Take, for example, Vo Nguyen Giap, the brilliant Communist general who succeeded in expelling first the French and then the Americans from Vietnam. Giap closely followed the teachings of Mao in planning a three-stage struggle—first “localized guerrilla war”, then “war of movement” and finally “general uprising”—which he waged with a three-tier force of village militias, full-time guerrillas and a regular army. But where Mao was always cautious to avoid confrontations with more powerful forces, Giap’s tendency to “roll the dice on premature offensives” in 1951, 1968 and again in 1972 could have proved fatal each time had it not been for the psychological and political frailties of the other side. In guerrilla warfare, what matters most is the ability to shape the story, not the facts on the ground. This is how guerrillas are able to win wars even as they lose battles.
Because insurgencies pit the weak against the strong, most still end up failing. Between 1775 and 1945 “only” about a quarter achieved most or all of their aims. But since 1945 that number has risen to 40%. Part of the reason for the improving success rate is the rising importance of public opinion. Since 1945 the spread of democracy, education, mass media and the concept of international law have all conspired to sap the will of states engaged in protracted counter-insurgencies. In the battle over the narrative, insurgents have many more weapons at their disposal than before.

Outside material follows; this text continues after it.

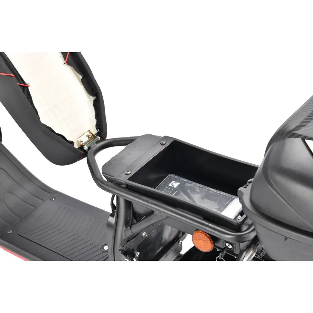 Электроскутер CityCoco WS-Pro+ 2500W черный – выпущенная в 2021году отличается от предыдущих моделей увеличенной мощномтью и зоной комфорта. Электроскутер рассчитана на 2-х ездоков, не имеет посторонних мелочевок. Начинка – современная, проста в использовании. Агрессивные проекты созданы для езды по разной местности. Визуально посмотреть на товар, оценить качество, изучить технические характеристики предлагает наш интернет-магазин. Обращаем внимание на цену. Она приемлемая в сравнении с другими аналогичными моделями.
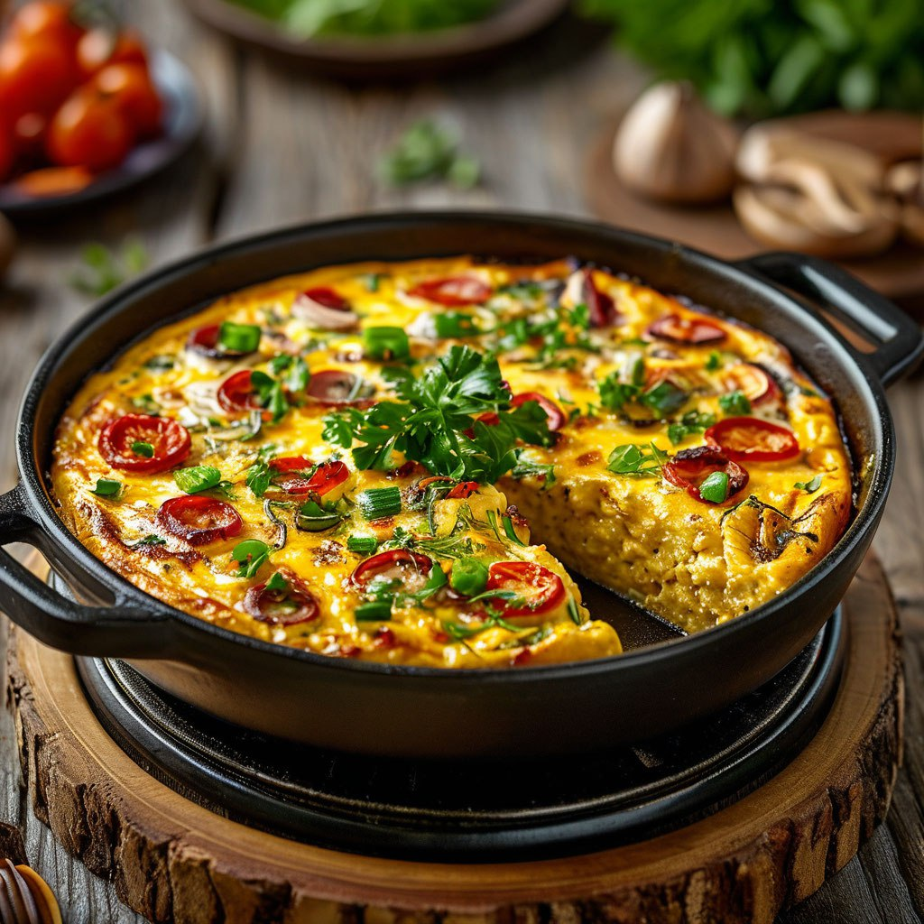 Фриттата — это итальянский омлет с начинкой, который легко приготовить в аэрогриле. Блюдо получается воздушным, сытным и низкокалорийным, а вариации начинок позволяют каждый раз создавать новый вкус. Идеально для ПП, завтрака или ужина! 🔥 Калории🥚 Белки🥑 Жиры🌾 Углеводы 220 ккал 15 г 16 г 4 г ✅ Быстро — готовится за 20 минут! ⏳

The first principle is to abandon conventional military tactics. “Clear and hold” beats “search and destroy”. To defeat an enemy you must provide enough security for ordinary people to live their lives. The second is that legitimacy is vital for both sides: corrupt or excessively violent governments will always struggle, but so too will guerrillas who terrorize their own people. The third is staying power. Firepower is no substitute for patience and boots on the ground. The people you need on your side must believe that you are in it for the long haul. The fourth is that unless voters believe that an intervention is necessary for their own security they will quickly withdraw support for it.